RE: Solr Basic Configuration - Highlight - Begginer

Posted by Teague James <te...@insystechinc.com>.

Sorry to hear that didn't work! Let me ask a couple of questions...

Have you tried the analyzer inside of the Admin Interface? It has helped me sort out a number of highlighting issues in the past. To access it, go to your Admin interface, select your core, then select Analysis from the list of options on the left. In the analyzer, enter the term you are indexing in the top left (in other words the term in the document you are indexing that you expect to get a hit on) and right input fields. Select the field that it is destined for (in your case that would be 'content'), then hit analyze. Helps if you have a big screen!

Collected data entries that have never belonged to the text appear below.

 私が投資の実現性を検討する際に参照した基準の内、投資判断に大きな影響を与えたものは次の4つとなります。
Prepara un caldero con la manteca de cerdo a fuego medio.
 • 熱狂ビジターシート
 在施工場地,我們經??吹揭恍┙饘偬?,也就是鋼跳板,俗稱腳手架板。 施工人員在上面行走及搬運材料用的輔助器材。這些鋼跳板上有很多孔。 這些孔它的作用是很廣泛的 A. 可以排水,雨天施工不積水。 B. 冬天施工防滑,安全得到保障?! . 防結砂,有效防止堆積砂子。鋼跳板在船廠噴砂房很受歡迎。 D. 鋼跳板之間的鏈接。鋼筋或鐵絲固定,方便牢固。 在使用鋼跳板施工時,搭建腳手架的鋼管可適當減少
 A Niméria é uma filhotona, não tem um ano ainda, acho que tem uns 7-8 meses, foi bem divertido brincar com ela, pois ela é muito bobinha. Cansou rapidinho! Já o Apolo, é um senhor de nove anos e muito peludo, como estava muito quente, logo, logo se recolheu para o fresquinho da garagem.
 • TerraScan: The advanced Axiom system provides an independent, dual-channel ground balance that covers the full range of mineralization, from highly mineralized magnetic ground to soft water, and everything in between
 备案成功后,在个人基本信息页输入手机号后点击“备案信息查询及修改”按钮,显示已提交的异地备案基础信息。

This will show you the impact of the various filter factories that you have engaged and their effect on whether or not a 'hit' is being generated. Hits are idietified by a very feint highlight. (PSST... Developers... It would be really cool if the highlight color were more visible or customizable... Thanks y'all) If it looks like you're getting hits, but not getting highlighting, then open up a new tab with the Admin's query interface. Same place on the left as the analyzer. Replace the "*:*" with your search term (assuming you already indexed your document) and if necessary you can put something in the FQ like "id:123456" to target a specific record.

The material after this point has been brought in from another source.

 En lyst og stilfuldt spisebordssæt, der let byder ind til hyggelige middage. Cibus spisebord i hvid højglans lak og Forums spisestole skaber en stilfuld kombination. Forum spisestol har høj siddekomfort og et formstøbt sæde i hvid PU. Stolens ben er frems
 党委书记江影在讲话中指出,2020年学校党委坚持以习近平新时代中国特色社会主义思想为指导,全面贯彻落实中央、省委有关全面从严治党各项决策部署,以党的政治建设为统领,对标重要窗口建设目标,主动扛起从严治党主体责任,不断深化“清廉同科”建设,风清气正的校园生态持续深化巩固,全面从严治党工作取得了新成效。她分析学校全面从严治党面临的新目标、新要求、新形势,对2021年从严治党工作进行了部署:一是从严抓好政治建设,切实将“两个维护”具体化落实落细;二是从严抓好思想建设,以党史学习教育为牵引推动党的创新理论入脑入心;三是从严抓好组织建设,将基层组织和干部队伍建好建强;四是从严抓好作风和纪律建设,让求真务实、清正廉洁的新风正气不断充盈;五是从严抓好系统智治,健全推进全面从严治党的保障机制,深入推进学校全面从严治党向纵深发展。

Did you get a hit? If no, then it's not highlighting that's the issue. If yes, then try dumping this in your address bar (using your URL/IP, search term, and core name of course. The fq= is an example) :
http://[URL/IP]/solr/[CORE-NAME]/select?fq=id:123456&q="[SEARCH-TERM]"

That will dump Solr's output to your browser where you can see exactly what is getting hit.

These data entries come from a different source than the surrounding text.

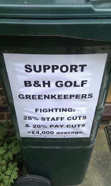 The green keepers will appreciate your solidarity even if you are outside of Brighton & Hove. A solidarity message on your bin is also an option. Support our green keepers, who a cash-rich company appears to be trying to penalise for its own failings, and oppose any privatisation of public sports facilities.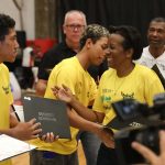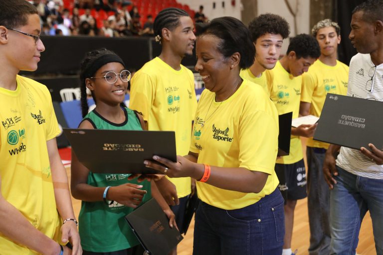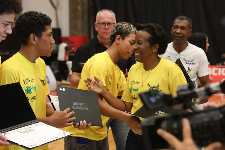 Fátima Aparecida entregando o certificado para os integrantes do Basquete Cidadão. Foto: João Neto/ LNB/ Fotojump(Foto: João Neto/ LNB/ Fotojump) -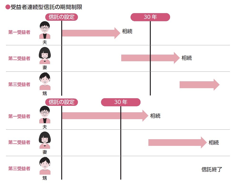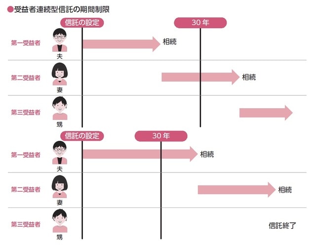 信託契約では、信託契約を締結したときから30年を経過したときの受益者に相続が発生した場合、その次の受益者に相続が発生したときに信託は終了します。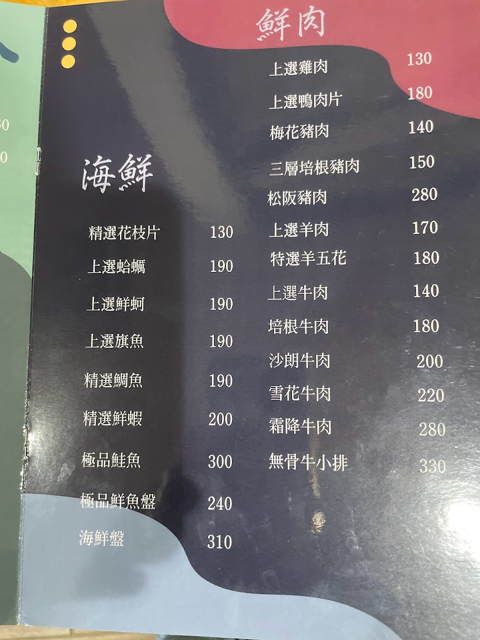 【不錯】上選羊肉鍋/豬肉鍋:8 分,菜盤新鮮少有火鍋料很不錯,肉片品質也好,可惜鍋底只有日式可選,其他鍋底價位稍高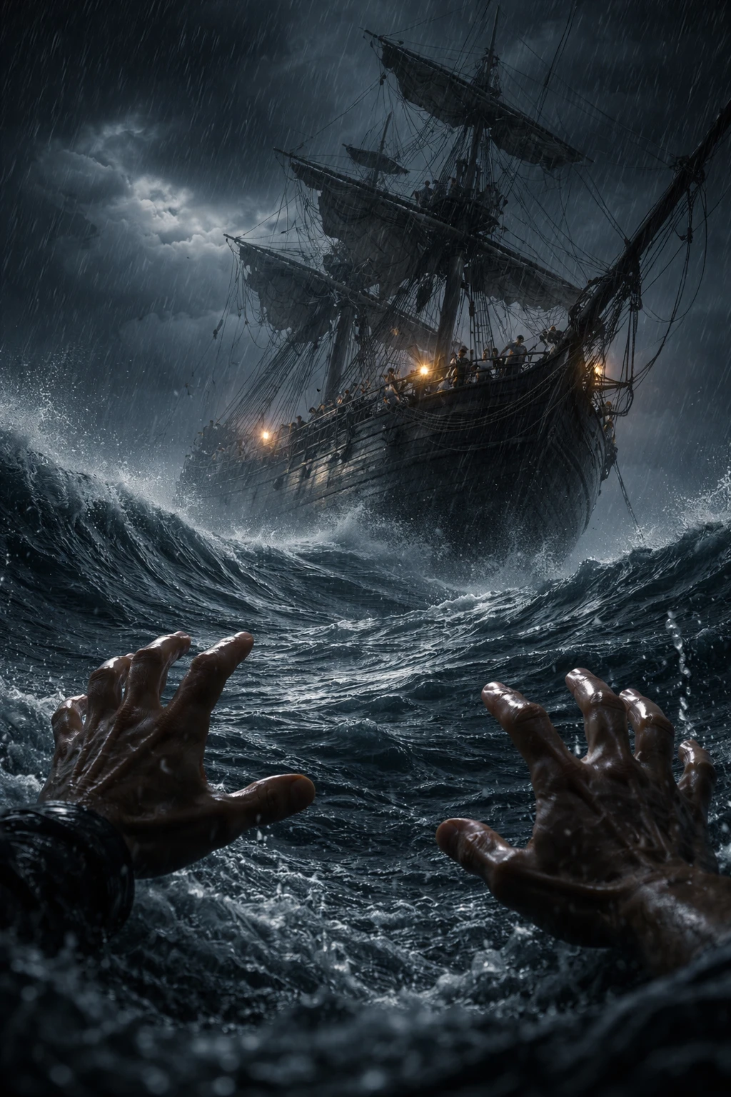 船の看板から投げ出され、黒々とした渦潮に巻き込まれー

Hope that helps! Let me know how it goes. Good luck.

-Teague

-----Original Message-----
From: Evert R. [mailto:evert.ramos@gmail.com] 
Sent: Wednesday, December 16, 2015 1:46 PM
To: solr-user <so...@lucene.apache.org>
Subject: Re: Solr Basic Configuration - Highlight - Begginer

Hi Teague!

I configured the solrconf.xml and schema.xml exactly the way you did, only substituting the word 'documentText' per 'content' used by the techproducts sample, I reindex through :

 curl '
http://localhost:8983/solr/techproducts/update/extract?literal.id=pdf1&commit=true'
-F "Emmanuel=@/home/solr/dados/teste/Emmanuel.pdf"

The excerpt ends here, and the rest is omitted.